The Open Archives Initiative (OAI) | Top |
Recap of the main ideas of OAI
Basic functioning of OAI-PMH
OAI: general assumptions | Top |
There are two groups of 'participants': Data Providers and Service Providers.
Data Providers (open archives, repositories) provide free access to metadata, and may, but do not necessarily, offer free access to full texts or other resources. OAI-PMH provides an easy to implement, low barrier solution for Data Providers.
Service Providers use the OAI interfaces of the Data Providers to harvest and store metadata. Note that this means that there are no live search requests to the Data Providers; rather, services are based on the harvested data via OAI-PMH. Service Providers may select certain subsets from Data Providers (e.g., by set hierarchy or date stamp). Service Providers offer (value-added) services on the basis of the metadata harvested, and they may enrich the harvested metadata in order to do so.

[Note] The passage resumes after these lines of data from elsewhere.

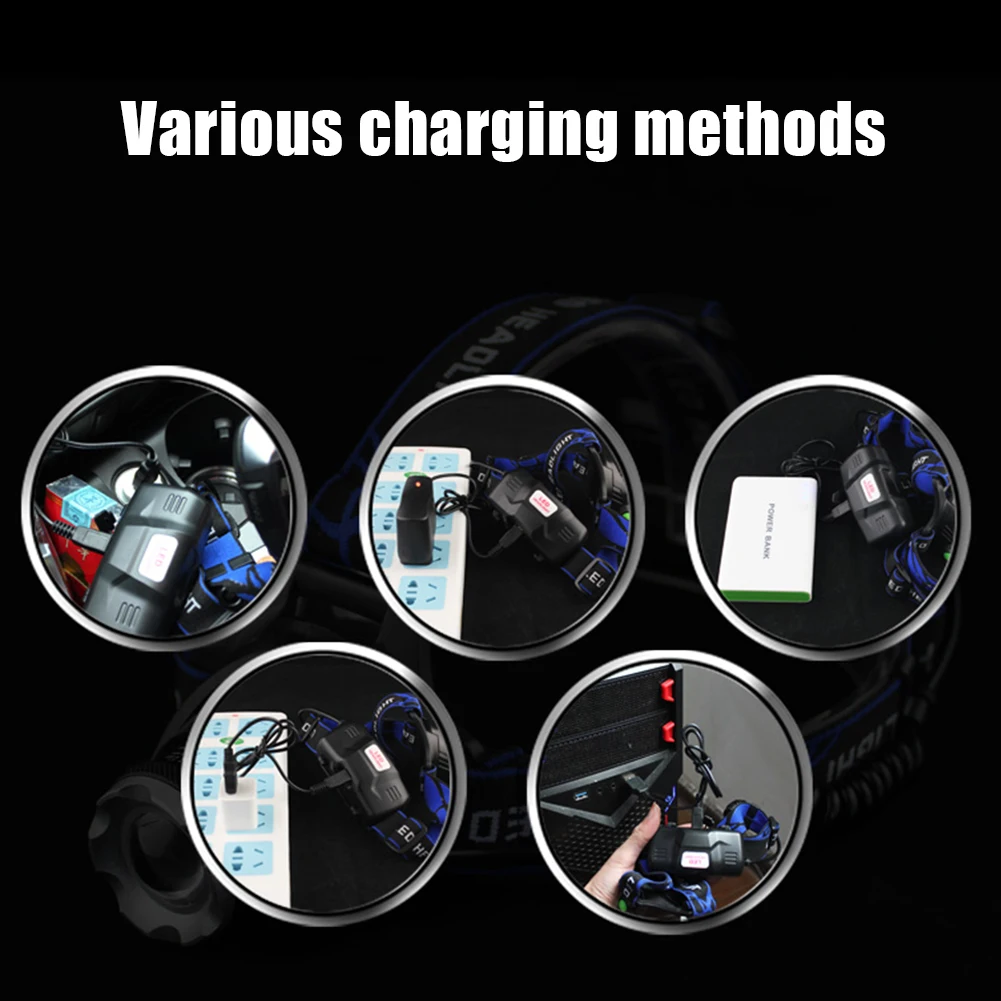 Светодиодный головной светильник T6 с телескопическим зумом, USB аккумуляторная лампа для майнинга, вращающийся светильник для рыбалки с углом освещения, лампа с белым светильник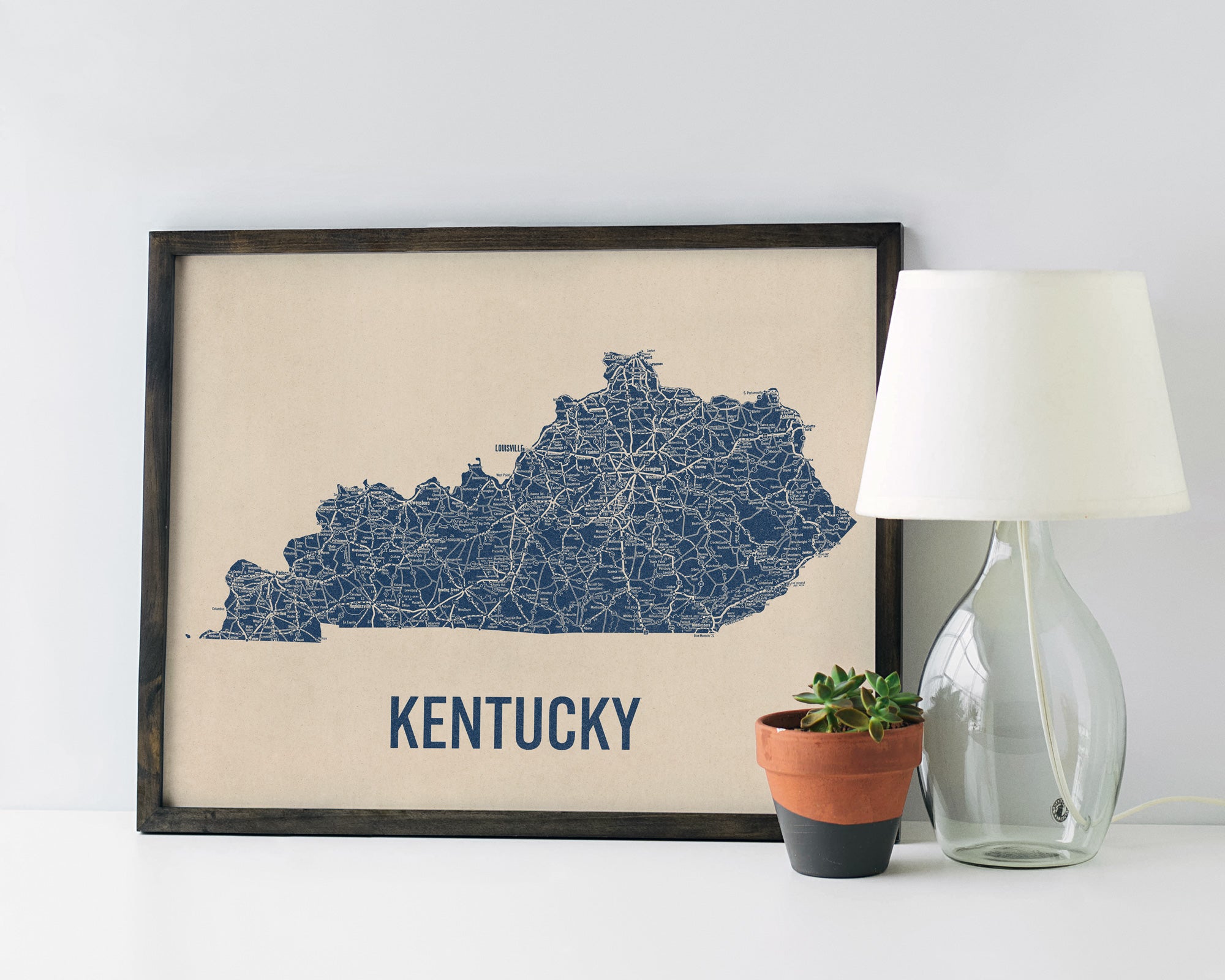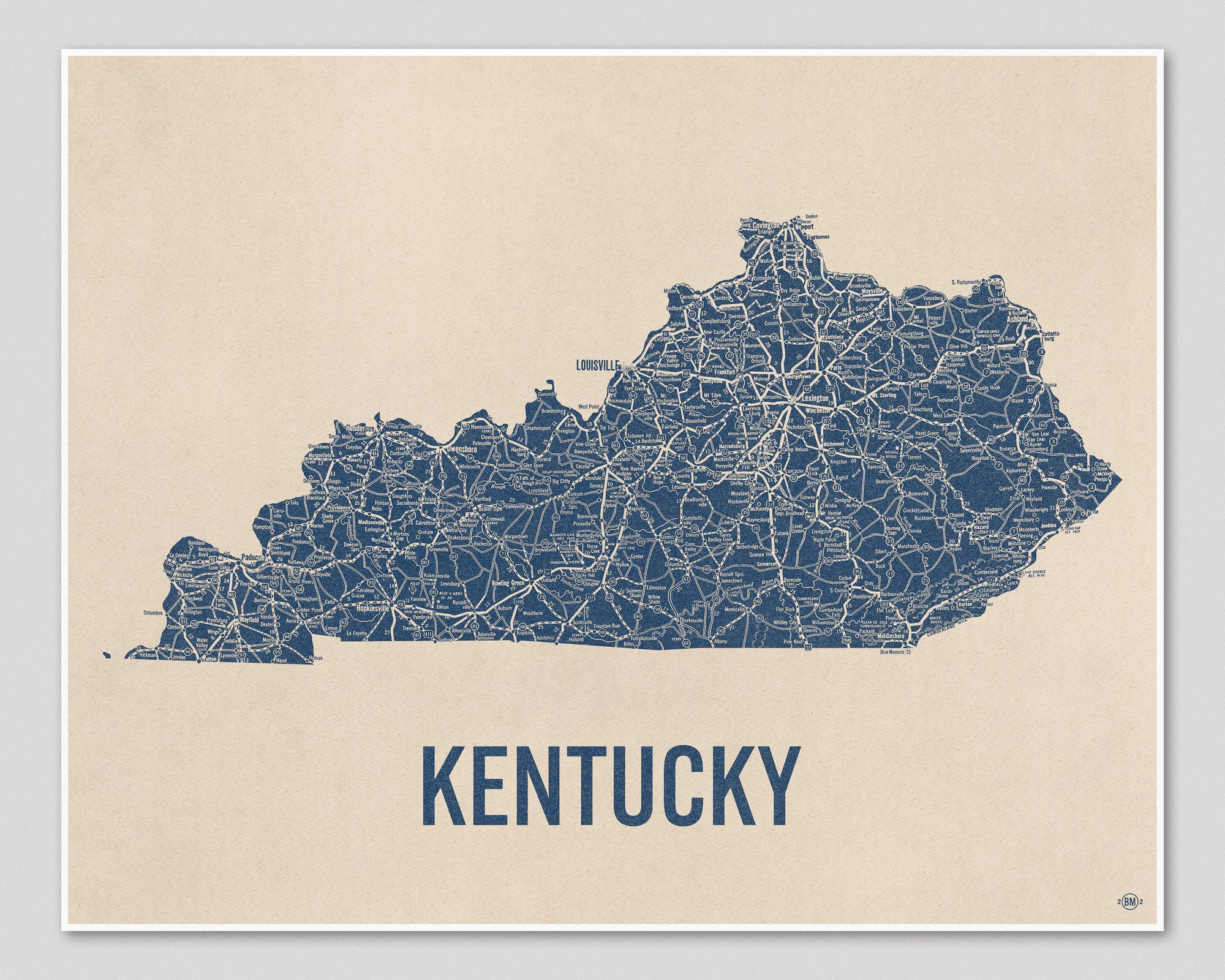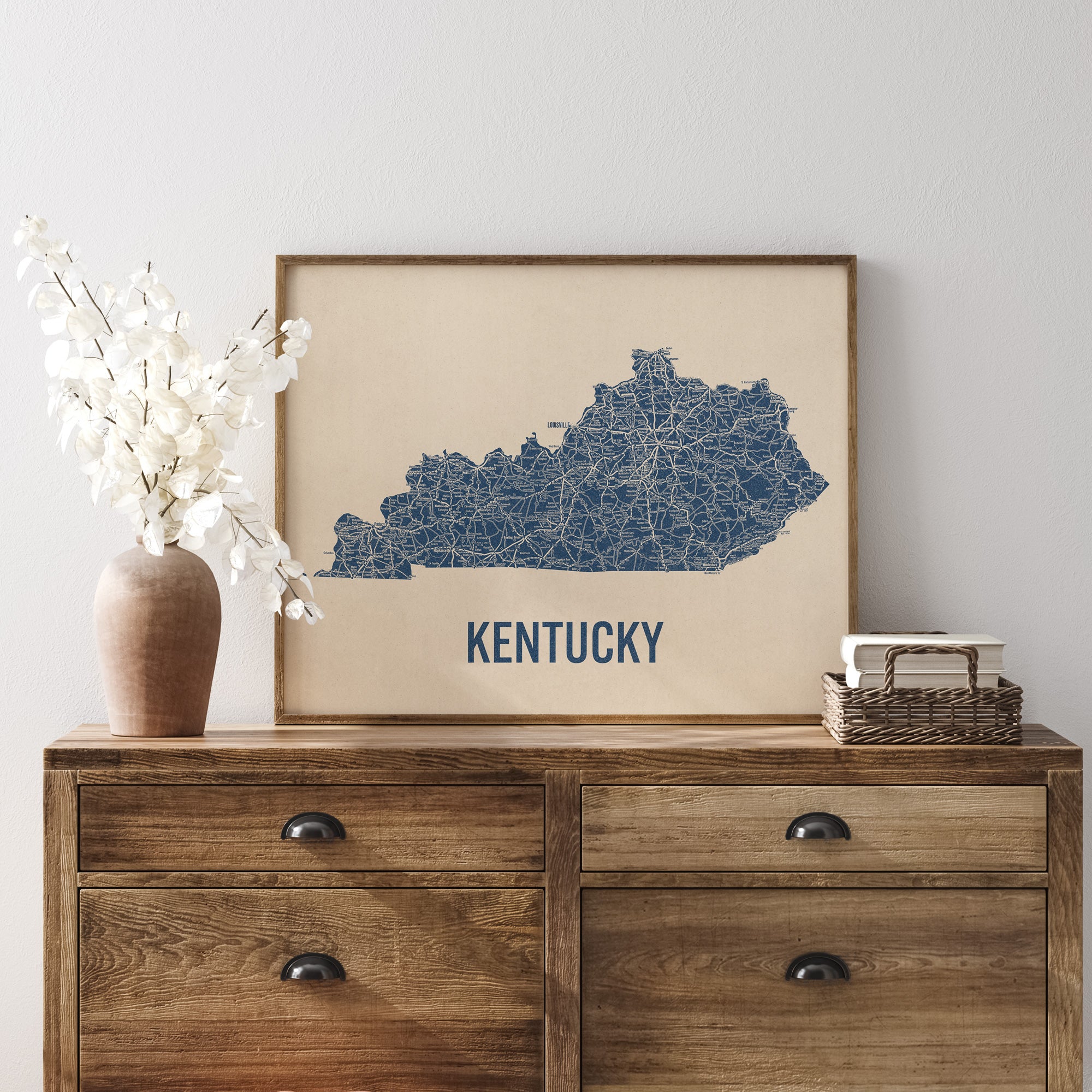Archival art print based on a vintage 1930s highway map of Kentucky, blue on beige.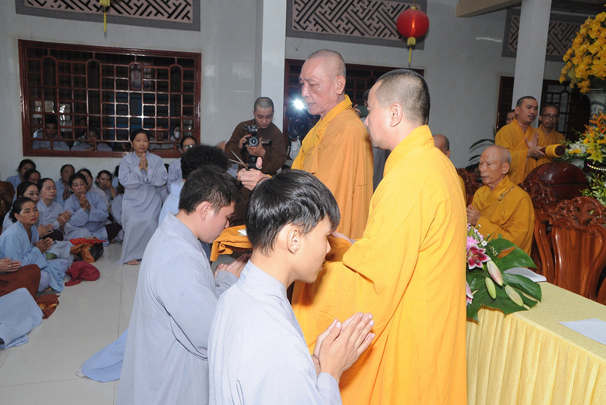 Dịp này, chư Tôn đức giáo phẩm cũng đã chứng minh lễ thế phát cho 3 thiện nam đã hội đủ duyên lành, vượt qua thời gian thử thách được đầu Phật xuất gia chính thức trở thành một Tu sĩ Phật giáo, tiếp nối mạng mạch Phật pháp và sự nghiệp hoằng hóa độ sanh.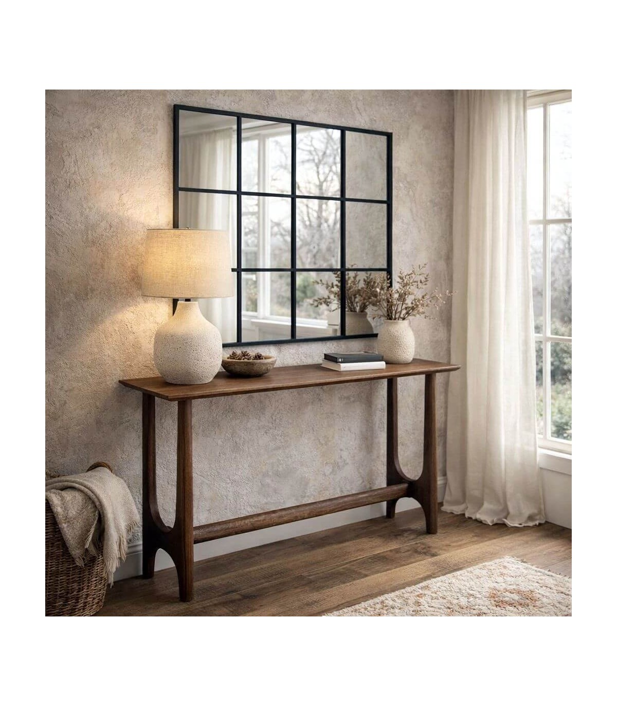 Consola de entrada grande de inspiración contemporánea aporta equilibrio y presencia al espacio gracias a su diseño limpio y proporciones alargadas. La madera maciza de mango transmite solidez y una sensación de mueble bien construido y estable.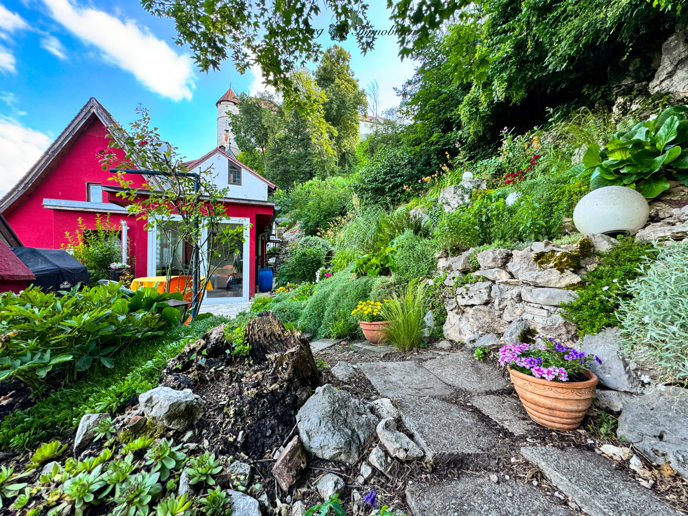 Das wunderschöne "Aquarium" (Wintergarten) bietet einen traumhaften Blick auf den Garten und das Schloss Hellenstein. Die gemütliche, nicht einsehbare Terrasse lädt zum Entspannen ein.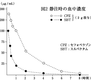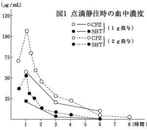 成人患者5例に1g(力価)また健常成人4名に2g(力価)を1時間かけて点滴静注したときのセフォペラゾン、スルバクタムの平均血中濃度の推移は図1のとおりであり、健常成人5名に2g(力価)を5分間かけて静注したときは図2のとおりであった4),5),6)。また2g(力価)を1日2回、3日間連続投与したが、ほぼ同じ血中濃度の推移が得られ、蓄積は認められなかった7)。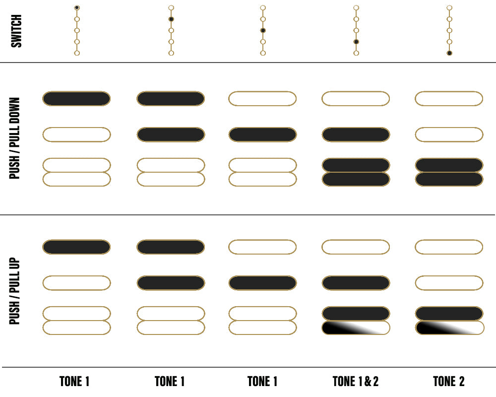 • Coil splitting: Requires compatible four conductor humbucker(s)

OAI-PMH: overview and structure model | Top |
The OAI-PMH protocol is based on HTTP. Request arguments are issued as GET
or POST parameters. OAI-PMH supports six request types
(known as "verbs"), e.g.,
http://archive.org?verb=ListRecords&from=2002-11-01.
Responses are encoded in XML syntax. OAI-PMH supports any metadata format encoded in XML. Dublin Core is the minimal format specified for basic interoperability.
Error messages are HTTP-based.
Data Providers may define a logical set hierarchy to support levels of granularity for harvesting by Service Providers. Date stamps flag the last change of the metadata set, and thus provide further support for granularity of harvesting.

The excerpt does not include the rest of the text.